Self-isolation – lessons from Etty Hillesum
Hilary Pearson writes:
Etty Hillesum (1914-1943) was a Dutch Jew. Her father was a teacher, her mother was a Russian Jewish refugee. Etty studied in Amsterdam, first law, then Slavonic languages and philosophy. Before she had completed her studies the Second World War began, and the German army occupied Holland in 1940. They immediately began rounding up Jews, separating them from the rest of the population and making them wear a yellow Star of David. In 1941 they started sending Jews to a transit camp called Westerbork, near the German border, and in 1942 began sending train loads of captives from there to Auschwitz – one of whom was Anne Frank.
Etty managed to get a job in Amsterdam as a typist with the Jewish Council.
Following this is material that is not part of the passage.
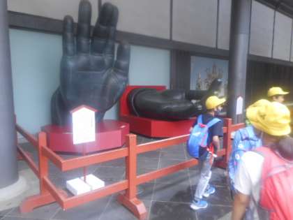 大仏様の手のレプリカもありました。しおりに書いてあった問題の答えもこれで分かりました。

This had been set up by the Nazis, ostensibly to negotiate for the Jews with the Nazi government; the members of the Council were led to believe that they could help save at least some Jews, but that was not the intention of the Nazis. Etty volunteered to accompany Jews sent to Westerbork and worked in the camp hospital. Her parents and brother were sent to the camp, and Etty managed to use her influence to save them when they were first due to be put on a transport to Auschwitz. In the end she could not save them – or herself – and in September 1943 they were all put on a train and died in Auschwitz shortly afterwards.
During this period Etty kept a diary, which ought to be as well-known as Anne Frank’s. Among other things, this records her remarkable spiritual development. Here is an extract from the early part of her time in the camp:
‘…I repose in myself. And that part of myself, that deepest and richest part in which I repose, is what I call “God” … Truly, my life is one long harkening unto myself and unto others, unto God. And if I say that I harken, it is really God who harkens inside me.’
Shortly after that she wrote: ‘“God give me calm and let me face everything squarely.” There is so much to face. First, I must start living a disciplined life…I have moments when I am suddenly filled with sadness; sadness that I cannot walk out of my barracks and onto the great moor outside…Those two months behind barbed wire have been the two richest and most intense months of my life, in which my highest values were so deeply confirmed.’ Can we, in our much less difficult ‘imprisonment’, say the same?
After she had learned that she could not delay the trip to what she knew was almost certain death, she wrote in a letter to a friend: “You have made me so rich, oh God, please let me share Your beauty with open hands.” And her last writing, a postcard thrown from the train as it left for Auschwitz, said: “We left the camp, singing…”
If you can get hold of the book of her writings “An Interrupted Life and Letters from Westerbork”, I cannot think of better reading for our period in lock-down. It shows how the human spirit open to God can rise above the harshest situations, even in the face of great evil.